The False Narrative of Diet Culture

Anna Deane '23, Social Media Coordinator

If you are a teenager or an adult, you have likely fallen victim to diet culture at least once in your lifetime. Diet culture is the false narrative that losing weight prevents or cures health issues.

Diet culture worships thinness and correlates that thinness with being healthy. It tells us that there’s only one way to look and that is skinny. This way of thinking contributes to mental health concerns and eating disorder behaviors, specifically among teenagers and young adults. Diet culture has taught society to believe that without the “ideal” body, we will not have any value or worth in our lives.

Diet culture robs people of all sizes of money, health, and happiness. It plays a significant role in causing eating disorders, body obsession, weight stigma, and fatphobia.

When we cannot meet the impossible standards diet culture has, we are left feeling ashamed, ultimately resulting in some individuals engaging in disordered eating behaviors, which can end up being a vicious cycle to get out of, especially when living in a society that normalizes these dangerous behaviors.

From a young age, it is taught that there are “good” foods and “bad” foods, and as a result, you are left being so focused on what you’re eating and whether its “good” or “bad” that you are not able to enjoy the moment fully. Food is supposed to provide pleasure, satisfaction, comfort, and much more, but diet culture is stealing those reasons from so many people.

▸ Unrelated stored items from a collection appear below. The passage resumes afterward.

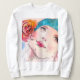 Girl with Red Rose Beret Watercolor Girls Pink Sweatshirt
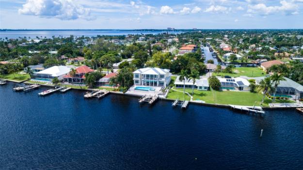 Nur einen Steinwurf vom Yachthafen von Cape Harbour entfernt befindet sich die Villa in begehrter Lage an einer Kanalkreuzung südwestlich der Cape Coral Parkways.
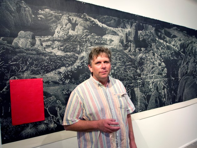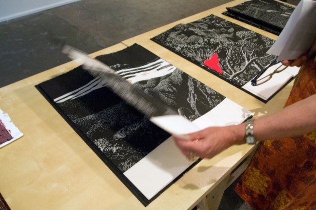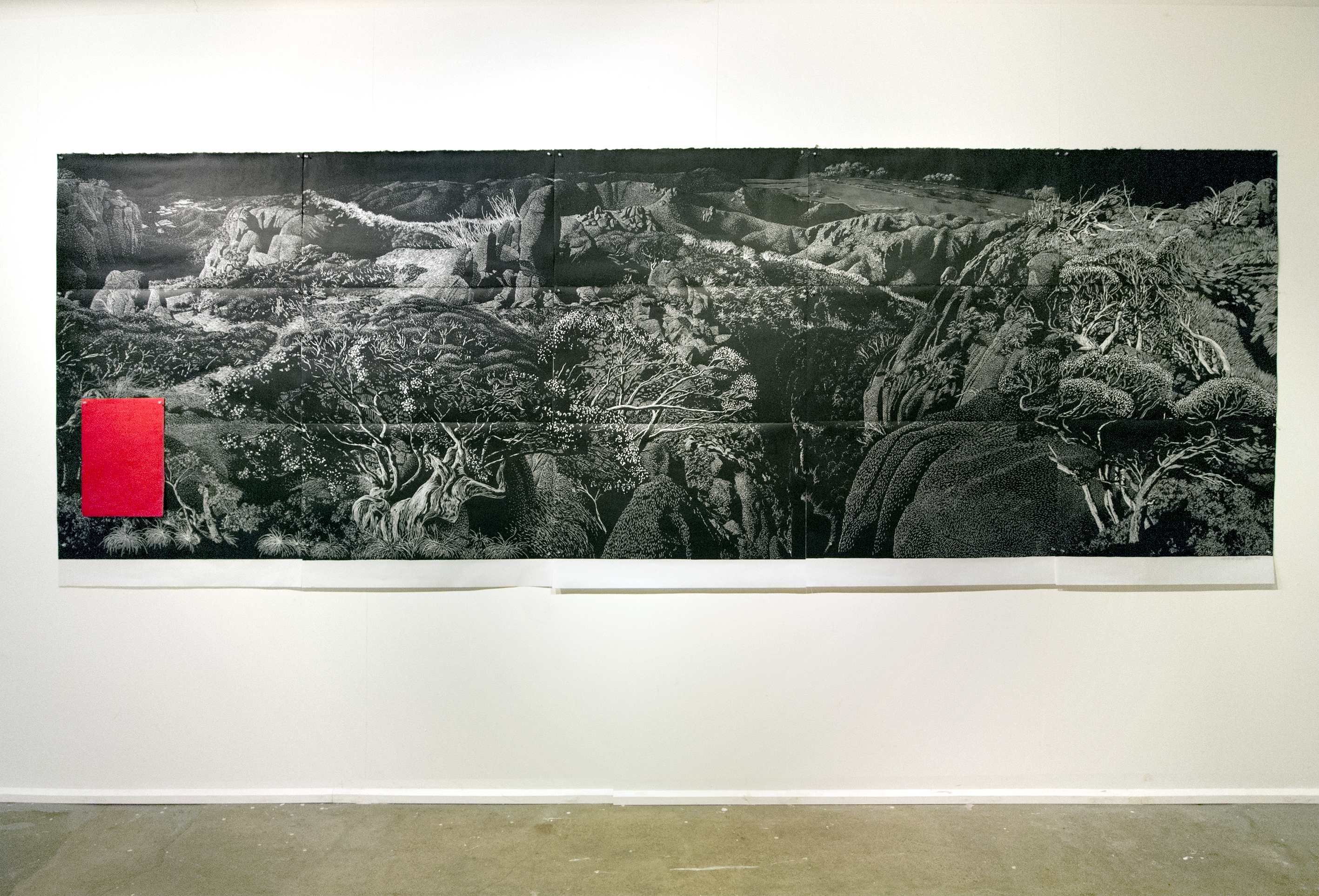 One monumental piece explodes from the wall – imagining mt giluwe. It’s a multi-sheet linocut – dark and brooding with markings made by Mosely’s tools that resemble some kind of tribal scarification. The wild landscape overpowers the smooth white gallery wall and entices the viewer to move in close. There is a hidden map implied by the transecting vertical and horizontal lines of the individual printed sheets. Is it a map of the physical, the metaphysical or is it just mere tactile experience – for touching with the eyes? There is a movement through the monochrome surface and a red rectangle of paper overlays a part of the image – is this order implied over chaos? Colonial blood over Nature? Or could it hide a didactic code with its intention to perplex the viewer – or maybe it is there to just hide the fact that no code exists?
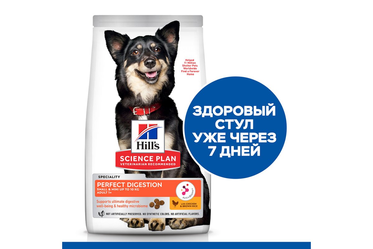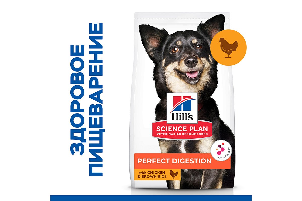 Сухой корм Hill's Science Plan Perfect Digestion для взрослых мелких пород с курицей и коричневым рисом можно купить в интернет-магазине зоотоваров Дай лапу.

In a society where diet culture is all around us, from food marketing labels like “skinny girl” and “guilt-free,” it can be hard to remember that health is not determined by body size, and health means different things for different people depending on a variety of factors. Food restriction is physically and psychologically damaging and can result in an assortment of health problems.

Following diet culture beliefs are not going to make you happy and your life is not designed to constantly be worrying about food. Even if society says other wise, your body is perfectly fine the way it is when you feel your best.